We also demonstrated that all sub-steps can be viewed in the agent logbook, for example which documents or passages the agent used as a source for its answer. This transparency gives users confidence, because they can trace when needed why an answer was formulated in a particular way.
Outlook and Own Use Cases
At the end of the webinar Stefan asked me which AI agents we use internally ourselves. I told him about a so-called wiki agent we developed that can access our company-specific guidelines and our intranet. Employees looking for specific HR regulations or IT policies no longer have to manually search multiple platforms.
Beyond that, we support teams with the creation of project descriptions by having an agent automatically collect the relevant key data and insert it sensibly into a document. In addition, we have an agent that bundles internal AI knowledge. It answers colleagues' questions before those questions reach us as AI developers.
"We see in practice that many questions concentrate on a small core of company knowledge. That is exactly where it is particularly worthwhile to create a cross-departmental, central point of contact with AI agents."
I assured participants that we will continue to expand this principle in future, for example with agents that automate ordering processes or ease the creation of documentation entries in complex projects.

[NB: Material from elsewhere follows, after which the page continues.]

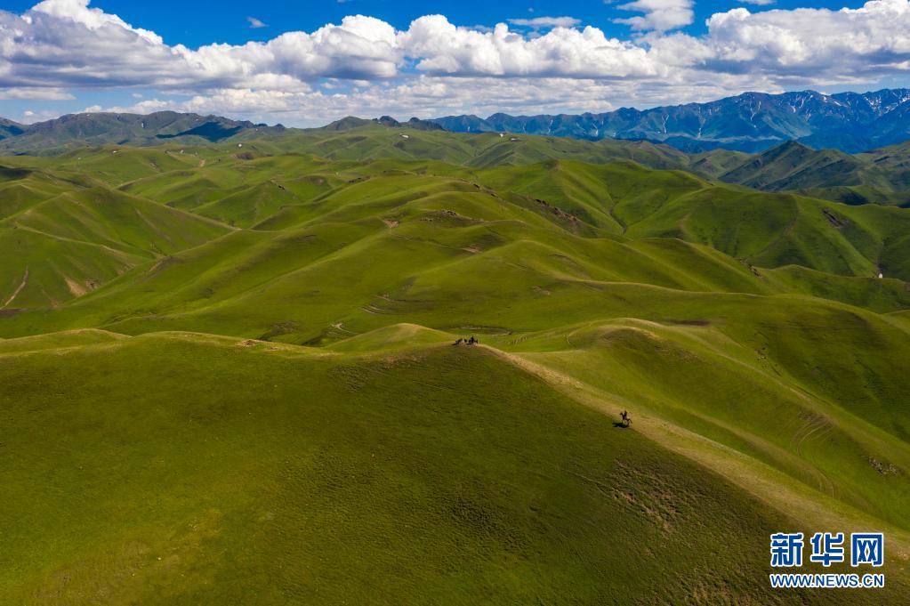 新疆裕民縣的牧民策馬奔馳在巴爾魯克山區(qū)夏牧場上(6月15日攝,無人機(jī)照片)。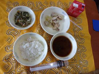 〇「あかだし」がとてもあたたかくておいしかったです。「けいにくのゆずしおやき」は、ゆずのいいにおいがして、肉がやわらかくておいしかったです。(1年生)

Stefan concluded by pointing to the Swiss AI Impact Report, which we would be publishing shortly. In it we evaluate a study we conducted on AI use cases in Swiss organisations. We want to share our findings in a future webinar and show which experiences Swiss companies have already had with generative AI.
Conclusion
I have the impression that the evening was an eye-opener for many participants. We were able to illustrate clearly that generative AI systems are already far more than simple chatbots. AI agents can address concrete operational challenges that reach deep into everyday business. Above all, I emphasised the importance of transparency. Only when it is clear how an agent arrives at its recommendations are organisations willing to hand over responsibility to such autonomous systems.
For me personally it remains clear that AI agents are only as smart as the knowledge made accessible to them. In collaboration with clients, however, we experience how quickly the full potential unfolds when the right information is provided and the right role and security concepts are defined. It is precisely this combination of technical innovation and thoughtful integration into existing operational processes that fascinates me.